Below are the records; copy exactly the stretch from the line containing "Junge Reispflanzen werden" through the line containing "李帅通 审核 张金艳)", both ends included, and nothing else.

▶ [SOURCE INFORMATION]
------------------------------------------------------------
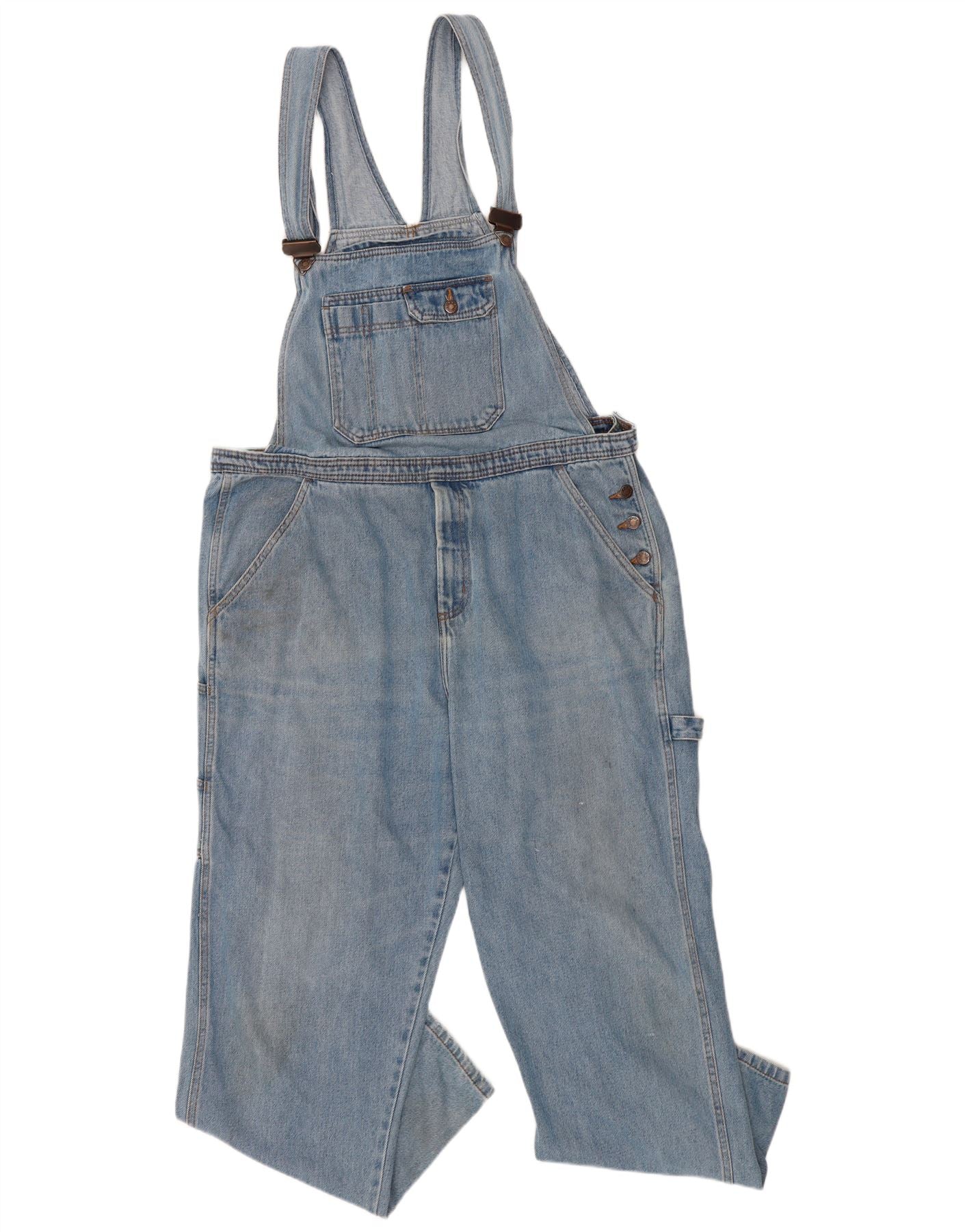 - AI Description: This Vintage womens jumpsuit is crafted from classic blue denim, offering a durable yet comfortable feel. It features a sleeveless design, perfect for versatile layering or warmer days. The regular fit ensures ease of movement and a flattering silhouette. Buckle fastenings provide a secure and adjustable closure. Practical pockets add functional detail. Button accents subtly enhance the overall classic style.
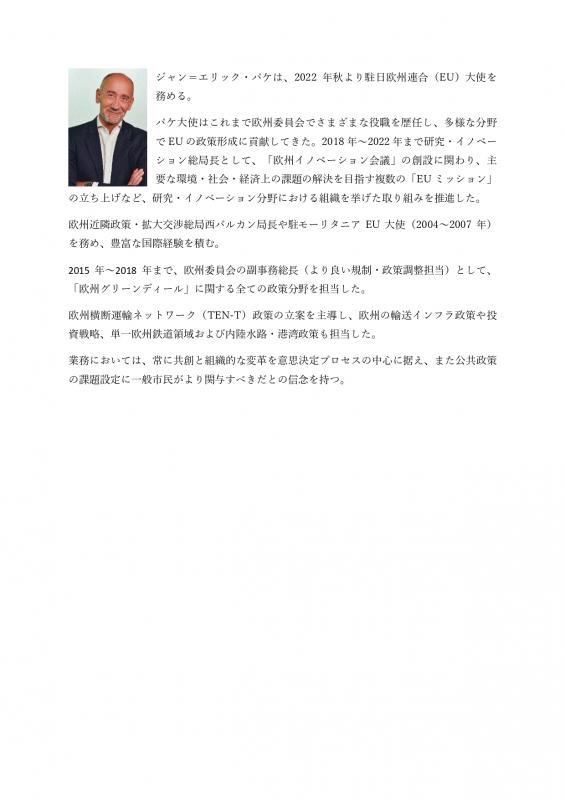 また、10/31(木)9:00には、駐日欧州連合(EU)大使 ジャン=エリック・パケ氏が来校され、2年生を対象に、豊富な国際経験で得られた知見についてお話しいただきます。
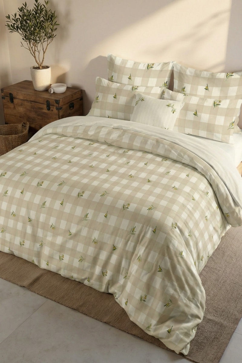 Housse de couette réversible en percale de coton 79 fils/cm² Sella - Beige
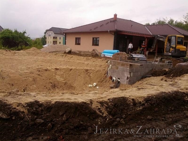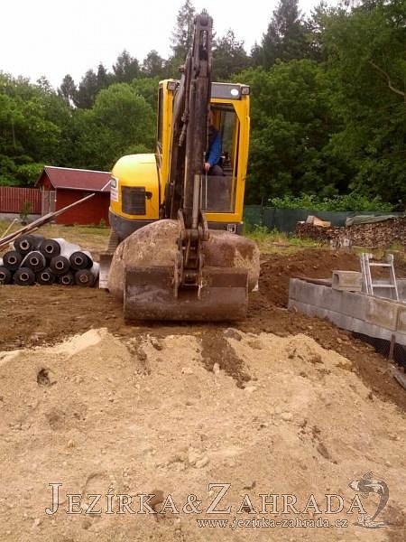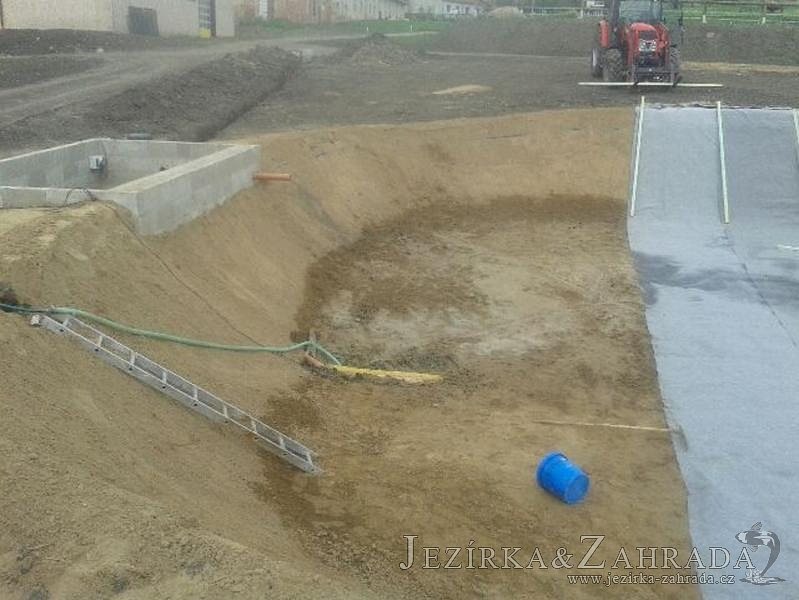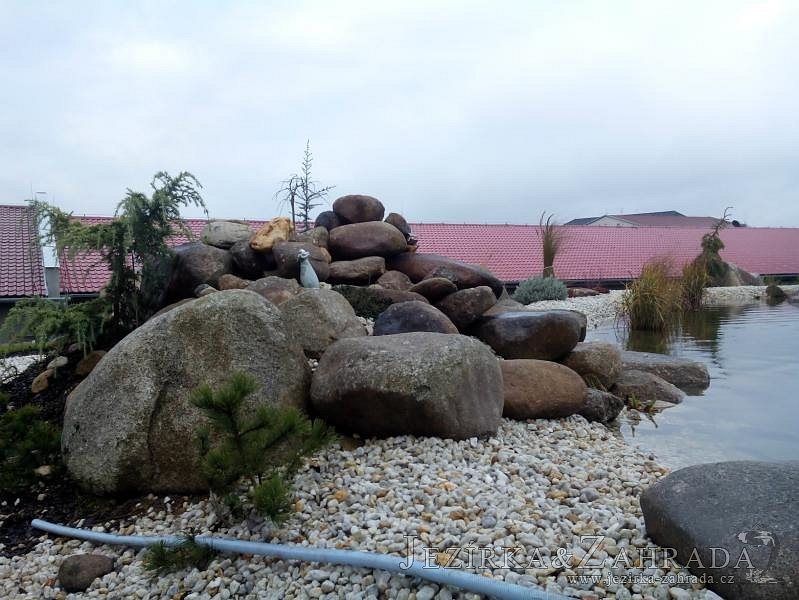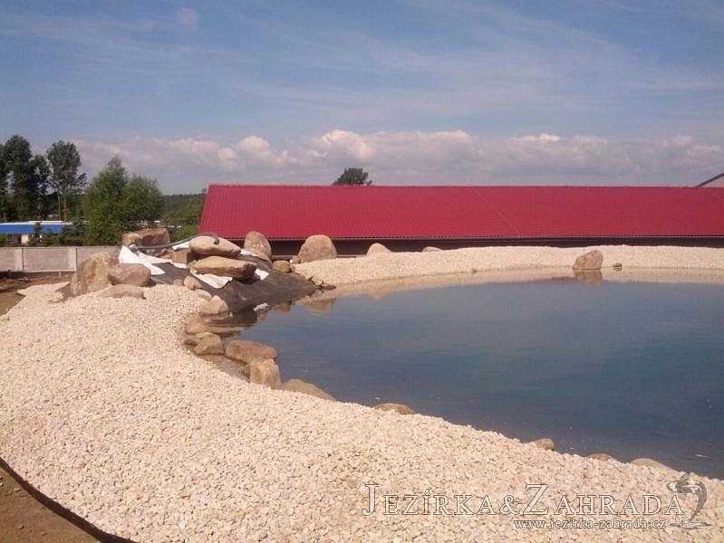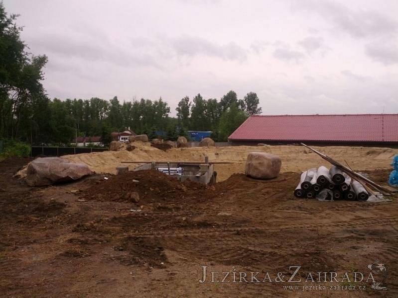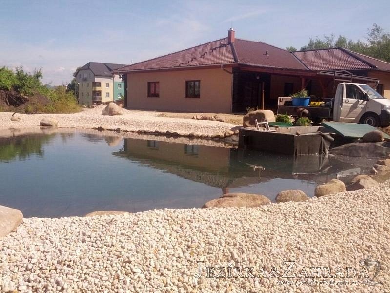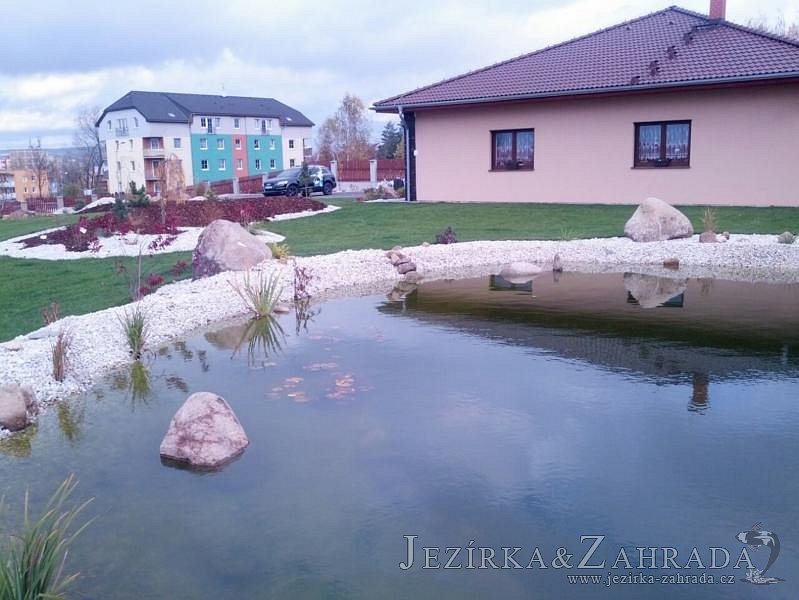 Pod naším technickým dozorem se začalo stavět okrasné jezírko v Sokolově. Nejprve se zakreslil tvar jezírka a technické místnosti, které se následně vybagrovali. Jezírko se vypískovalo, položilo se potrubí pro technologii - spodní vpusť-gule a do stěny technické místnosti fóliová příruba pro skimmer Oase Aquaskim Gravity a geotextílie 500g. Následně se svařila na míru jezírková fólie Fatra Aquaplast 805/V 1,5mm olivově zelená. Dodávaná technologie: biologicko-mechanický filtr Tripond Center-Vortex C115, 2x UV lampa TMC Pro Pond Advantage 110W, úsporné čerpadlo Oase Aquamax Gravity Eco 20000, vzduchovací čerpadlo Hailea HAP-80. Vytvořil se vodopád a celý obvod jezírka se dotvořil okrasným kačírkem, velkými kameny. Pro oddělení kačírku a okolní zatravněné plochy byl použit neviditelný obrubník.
------------------------------------------------------------
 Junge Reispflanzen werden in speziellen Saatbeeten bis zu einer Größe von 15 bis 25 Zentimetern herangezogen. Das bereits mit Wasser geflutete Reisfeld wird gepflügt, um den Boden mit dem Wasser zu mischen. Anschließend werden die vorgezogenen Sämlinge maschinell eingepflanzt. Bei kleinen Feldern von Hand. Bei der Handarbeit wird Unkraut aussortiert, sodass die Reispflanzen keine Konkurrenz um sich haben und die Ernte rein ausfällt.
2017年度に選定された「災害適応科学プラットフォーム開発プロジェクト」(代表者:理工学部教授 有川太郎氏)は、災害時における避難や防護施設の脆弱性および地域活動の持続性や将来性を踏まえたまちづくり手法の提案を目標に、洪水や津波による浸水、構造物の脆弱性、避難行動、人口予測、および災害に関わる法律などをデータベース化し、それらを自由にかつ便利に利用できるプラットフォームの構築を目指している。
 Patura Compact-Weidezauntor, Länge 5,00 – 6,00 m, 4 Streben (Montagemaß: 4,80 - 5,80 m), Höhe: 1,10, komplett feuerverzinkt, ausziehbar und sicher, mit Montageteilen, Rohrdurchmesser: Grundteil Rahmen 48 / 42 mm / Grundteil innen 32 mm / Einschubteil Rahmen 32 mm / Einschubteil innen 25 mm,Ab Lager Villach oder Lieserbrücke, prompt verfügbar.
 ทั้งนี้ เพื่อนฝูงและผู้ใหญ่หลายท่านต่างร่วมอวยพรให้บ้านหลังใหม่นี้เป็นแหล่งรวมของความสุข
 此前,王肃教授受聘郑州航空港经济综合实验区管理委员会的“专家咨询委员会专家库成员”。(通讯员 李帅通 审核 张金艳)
------------------------------------------------------------
▶ [TASK RESPONSE]
 Junge Reispflanzen werden in speziellen Saatbeeten bis zu einer Größe von 15 bis 25 Zentimetern herangezogen. Das bereits mit Wasser geflutete Reisfeld wird gepflügt, um den Boden mit dem Wasser zu mischen. Anschließend werden die vorgezogenen Sämlinge maschinell eingepflanzt. Bei kleinen Feldern von Hand. Bei der Handarbeit wird Unkraut aussortiert, sodass die Reispflanzen keine Konkurrenz um sich haben und die Ernte rein ausfällt.
2017年度に選定された「災害適応科学プラットフォーム開発プロジェクト」(代表者:理工学部教授 有川太郎氏)は、災害時における避難や防護施設の脆弱性および地域活動の持続性や将来性を踏まえたまちづくり手法の提案を目標に、洪水や津波による浸水、構造物の脆弱性、避難行動、人口予測、および災害に関わる法律などをデータベース化し、それらを自由にかつ便利に利用できるプラットフォームの構築を目指している。
 Patura Compact-Weidezauntor, Länge 5,00 – 6,00 m, 4 Streben (Montagemaß: 4,80 - 5,80 m), Höhe: 1,10, komplett feuerverzinkt, ausziehbar und sicher, mit Montageteilen, Rohrdurchmesser: Grundteil Rahmen 48 / 42 mm / Grundteil innen 32 mm / Einschubteil Rahmen 32 mm / Einschubteil innen 25 mm,Ab Lager Villach oder Lieserbrücke, prompt verfügbar.
 ทั้งนี้ เพื่อนฝูงและผู้ใหญ่หลายท่านต่างร่วมอวยพรให้บ้านหลังใหม่นี้เป็นแหล่งรวมของความสุข
 此前,王肃教授受聘郑州航空港经济综合实验区管理委员会的“专家咨询委员会专家库成员”。(通讯员 李帅通 审核 张金艳)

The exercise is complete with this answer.